A heat transfer from the coolant, which has a better heat-transfer ability than air, takes place at the cold side of the Peltier element arrangement.
In the cooling circuit the coolant, effectively thus cooled, is conducted to an air/liquid heat exchanger arrangement, at which a good heat transfer from the air to be cooled again takes place. As a result, the air to be cooled is particularly effectively cooled by this arrangement.
When employing the climate control device as a cooling device it is necessary to remove the heat at the warm side of the Peltier element arrangement. This can take place in a customary way by direct radiation to the exterior, or with the aid of a suitable fan arrangement.
It is possible to achieve an improved heat removal at the warm side of the Peltier element arrangement, and therefore an even more improved cooling effect of the climate control device, so that the warm side of the Peltier element arrangement is also connected to an assigned coolant circuit for heating the coolant conducted through the latter. An air/liquid heat exchanger arrangement for the air to be heated is connected to this coolant circuit. The warm air conveying device is connected in an air-conducting manner with the air/liquid heat exchanger arrangement and the warm air outlet, so that the warm air conveying device conducts the air to be heated through the air/liquid heat exchanger arrangement for absorbing heat from the coolant and blows it out through the warm air outlet.

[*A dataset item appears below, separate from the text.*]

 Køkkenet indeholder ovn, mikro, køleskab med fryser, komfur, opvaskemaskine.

In a second concept of this invention, when employing the climate control device as a heating device, the warm side of the Peltier element arrangement is connected to an associated coolant circuit for heating the coolant therein conducted. An air/liquid heat exchanger arrangement for the air to be heated is connected to the coolant circuit. The warm air conveying device is connected in an air-conducting manner with the air/liquid heat exchanger arrangement and warm air outlet, so that the warm air conveying device conducts the air to be heated through the air/liquid heat exchanger arrangement for taking up heat from the coolant and blows it out through the warm air outlet.

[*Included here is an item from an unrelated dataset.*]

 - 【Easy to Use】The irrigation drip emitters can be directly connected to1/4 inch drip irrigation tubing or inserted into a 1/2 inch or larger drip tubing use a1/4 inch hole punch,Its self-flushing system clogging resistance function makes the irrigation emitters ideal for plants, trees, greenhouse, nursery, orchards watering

A heat transfer to a coolant, which has a better heat-transfer ability than air, takes place on the warm side of the Peltier element arrangement. In the cooling circuit the coolant, thus effectively heated, is conducted to an air/liquid heat exchange arrangement, at which a good heat transfer to the air to be heated again takes place. As a result, the air to be heated is particularly effectively heated by this arrangement.
When employing the climate control device as a heating device it is necessary to absorb heat at the cold side of the Peltier element arrangement. This can take place in a customary way by direct contact with the exterior or with a suitable fan arrangement.
It is possible to achieve an improved heat transfer to the cold side of the Peltier element arrangement, and therefore an even more improved heating effect of the climate control device so that the cold side of the Peltier element arrangement is connected to an assigned coolant circuit for cooling the coolant conducted through the latter. An air/liquid heat exchanger arrangement for the air to be cooled is connected to the coolant circuit. The cool air conveying device is connected in an air-conducting manner with the air/liquid heat exchanger arrangement and the cool air outlet, so that the cool air conveying device conducts the air to be cooled through the air/liquid heat exchanger arrangement for giving off heat to the coolant and blows it out through the cool air outlet.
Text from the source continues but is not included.